I just started learning c language. While doing some exercise I wanted to add something new to the original version. I changed the font where I added something new. 

//simple menu driven program for addition, subtraction and multiplication using switch case
#include<stdio.h>
int main()
{
        int a,b,ch1,c,ch2;   // declaration of variables of integer type
        printf("\n\t Menu");
        printf("\n\t 1. Addition");
        printf("\n\t 2. Subtraction");
        printf("\n\t 3. Multiplication");
        printf("\n\t 0. End the program");// added a new option, which is 0, that will end the program after confirmation.
        printf("\n\n\t Enter Your Choice: ");
        scanf("%d", &ch1);       // getting value from user for ch
        if(ch1=0)
        {
            printf("Are you sure you want to exit?\n If yes, press 0. If not, press any other number.");
            scanf("%d", &ch2); //getting value from user for ch2
            if(ch2=0)
            {
                printf("End the program")
                break;
            }
            else
            {
                //this is the part where I don't know. what should I add to make it end the question and return back to the original menu? 
            }
        }

        if(ch1<=3 && ch1>-1)       // if the value of ch is not between 0 to 3 it will print the default case
        {
                printf("Enter two numbers: ");
                scanf("%d %d",&a,&b);

        }

        switch(ch1)
        {
                
                case 1: // code to be executed if "ch1=1"
                c=a+b;
                printf("\n Addition: %d",c);
                break;

                case 2: // code to be executed if "ch1=2"
                c=a-b;
                printf("\n Subtraction: %d",c);
                break;

                case 3: // code to be executed if "ch1=3"
                c=a*b;
                printf("\n Multiplication: %d",c);
                break;

                default:        // code to be executed if ch1 doesn't match with any cases
                printf("\n Invalid Choice");
                break;
        }
    return 0;
}

2 Answers

0 votes
answered Jun 8, 2023 by rohan ag (1,310 points)
#include<stdio.h>
int main()
{
        int a,b,ch1,c,ch2;   // declaration of variables of integer type
        while(1)
        {
        printf("\n\t Menu");
        printf("\n\t 1. Addition");
        printf("\n\t 2. Subtraction");
        printf("\n\t 3. Multiplication");
        printf("\n\t 0. End the program");// added a new option, which is 0, that will end the program after confirmation.
        printf("\n\n\t Enter Your Choice: ");
        scanf("%d", &ch1);       // getting value from user for ch
        
        if(ch1>=1 && ch1<=3)       // if the value of ch is not between 0 to 3 it will print the default case
        {
                printf("Enter two numbers: ");
                scanf("%d %d",&a,&b);

        

        switch(ch1)
        {
                
                case 1: // code to be executed if "ch1=1"
                c=a+b;
                printf("\n Addition: %d",c);
                break;

                case 2: // code to be executed if "ch1=2"
                c=a-b;
                printf("\n Subtraction: %d",c);
                break;

                case 3: // code to be executed if "ch1=3"
                c=a*b;
                printf("\n Multiplication: %d",c);
                break;

                default:        // code to be executed if ch1 doesn't match with any cases
                printf("\n Invalid Choice");
                break;
        }
        }
        }
    return 0;
}
+1 vote
answered Jun 9, 2023 by Peter Minarik (88,110 points)

First of all

if(ch1=0)

does not do what you think it does.

It does not check if the value of ch1 is 0, but it assigns the value 0 to ch1. Then checks, if the expression is true. The expression is the value of ch1 (after assignment), that is, 0. An integral number is interpreted as true, if the value is not 0. But since it is 0, if (ch1 = 0) evaluates to false all the time.

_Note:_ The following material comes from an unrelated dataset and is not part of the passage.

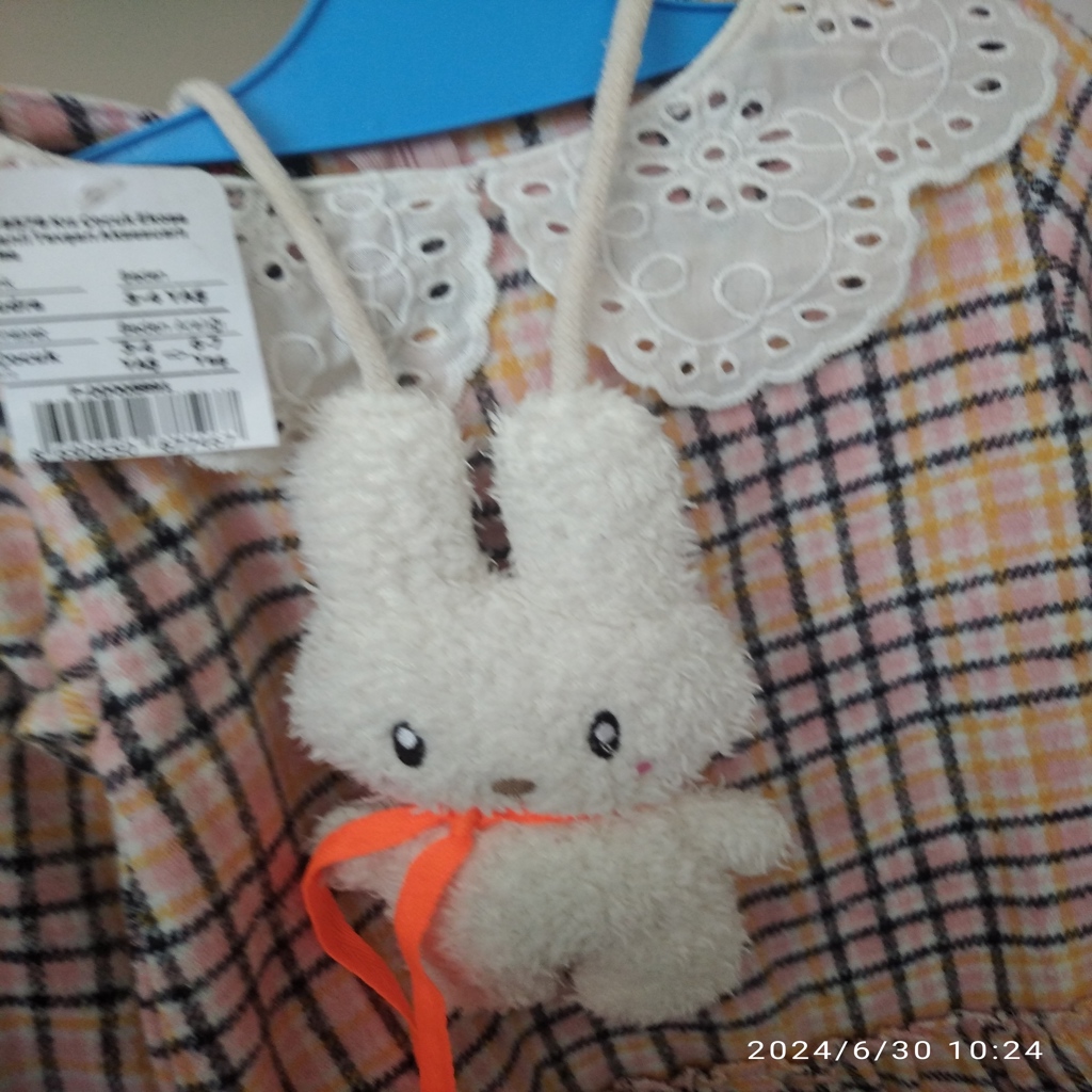 Kız Çocuk Ekose Desenli Tavşan Aksesuarlı Elbise Pudra TZL-P-00005891

That being said, the right code is checking for equality, not assigning value, which is written using double equal signs:

if (ch1 == 0)

So, your question: how to stop execution at a given point and return back to the original menu? Well, there's no original menu to return to in a sense that the program starts, asks a question then does something and quits.

What you could do is create a loop around the main code: asking for an option, asking for the numbers, and doing arithmetics with them:

#include<stdio.h>

int main()
{
    int a, b, ch, c;   // declaration of variables of integer type
    do
    {
        printf("\n\t Menu");
        printf("\n\t ====")
        printf("\n\t 0. End the program");// added a new option, which is 0, that will end the program after confirmation.
        printf("\n\t 1. Addition");
        printf("\n\t 2. Subtraction");
        printf("\n\t 3. Multiplication");
        printf("\n\n\t Enter Your Choice: ");
        scanf("%d", &ch);       // getting value from user for ch
        
        if (ch <= 3 && ch > 0)       // if the value of ch is not between 0 to 3 it will print the default case
        {
            printf("Enter two numbers: ");
            scanf("%d %d",&a,&b);
        }
    
        switch(ch)
        {
            case 0:
                printf("Are you sure you want to exit?\n If yes, press 0. If not, press any other number.");
                scanf("%d", &ch); //getting value from user for ch2
                if (ch == 0)
                {
                    printf("End the program");
                }
                break;

            case 1: // code to be executed if "ch=1"
                c = a + b;
                printf("\n Addition: %d",c);
                break;

            case 2: // code to be executed if "ch=2"
                c = a - b;
                printf("\n Subtraction: %d", c);
                break;

            case 3: // code to be executed if "ch=3"
                c = a * b;
                printf("\n Multiplication: %d", c);
                break;

            default: // code to be executed if ch doesn't match with any cases
                printf("\n Invalid Choice");
                break;
        }
    } while (ch != 0);
    
    return 0;
}

The added loop is marked with yellow.

Please note, that you do not need to change when numbers need to be entered for arithmetic operations (marked with purple) when you add your quit option.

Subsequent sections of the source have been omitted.